To summarize the differences between conditions and modalities, Figure 4 depicts the mean of all participants’ electrodes contrasting each condition in both the visual and the auditory modality. The frequencies of interest are marked with a vertical line to make it easier to see the meter-induced peaks at the subharmonics of the beat. Similar to the findings in the amplitude spectra, there are larger peaks at 0.8 Hz for the ternary condition in both modalities, but there is a peak at 1.2 Hz for the binary condition in the auditory modality only. In contrast with our first analyses, no differences arise between modalities at the frequency of the beat (2.4 Hz) in the power spectra. This is due to the use of the beat condition as a baseline. Given that beat is similarly induced in all conditions, dividing the two conditions will result in a relative value close to zero.
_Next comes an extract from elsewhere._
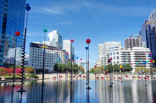 Le cas du Bassin du sculpteur grec Takis (1925-2019) situé à La Défense, installé en 1991 en est emblématique. Il s’agit d’une surface aquatique d’environ cinquante mètres de côté, installée au sein du domaine administratif, dans laquelle sont plantés 49 « feux lumineux multicolores » comme il les nomme, qui sont des tiges métalliques oscillantes entre 3,5 mètres et 9 mètres de hauteur, surmontées de formes géométriques colorées et de feux clignotants. Ces mêmes tiges produisent du son avec la participation artistique du vent à l’œuvre. Mais ce n’est pas ce qui nous intéresse ici. Dans ce Bassin, Takis, qui a décidé et délimité l’étendue d’eau, en fait la pièce maîtresse de son œuvre. C’est ici la surface de l’eau qui devient surface de l’œuvre, et les tiges ne servent qu’à accroître la majesté de l’élément naturel. En effet, ce qui compte ici est la réflection induite par la surface aquatique, encline aux jeux lumineux induits par les tiges, et ceux de la lumière du soleil, modifiées par la présence des architectures du complexe administratif. Au delà du simple vouloir artistique, s’adjoint ici un naturel hasard des éléments qui propulse la surface en moyen de réflection, de prolongement de l’image du monde ; pensons aux tiges surmontées de formes géométriques qui s’y reflètent, elles peuvent être entendues dès lors comme achevées puisqu’étant symétriquement complétées.

FIGURE 4. Normalized power spectra of the binary and ternary conditions for the mean of all participants and electrodes in both the auditory and the visual modalities. In both auditory (top) and visual (bottom) modalities, a peak for the ternary condition (green line) appears at 0.8 Hz (green dotted line). A peak for the binary condition (red line) at 1.2 Hz (red dotted line) is only observed in the auditory modality. There is no contrasting peak at 2.4 Hz (blue dotted line) in either modality. ∗p < 0.05, ∗∗p < 0.01.
One-sample t-tests were applied to the spectrum of each target frequency to examine whether the values significantly differed from zero. At 0.8 Hz, the values of the ternary conditions were significantly different from zero in the auditory [t(15) = 2.778, p = 0.014] and the visual [t(15) = 3.692, p = 0.002] modalities. The same occurred at 1.2 Hz for the values of the binary condition in the auditory modality [t(15) = 3.489, p = 0.003]. These findings show that the peaks appearing in both ternary conditions at 0.8 Hz and the auditory binary condition at 1.2 Hz are significantly different from zero and thus larger than the control condition. However, no effects for the visual binary meter were attested.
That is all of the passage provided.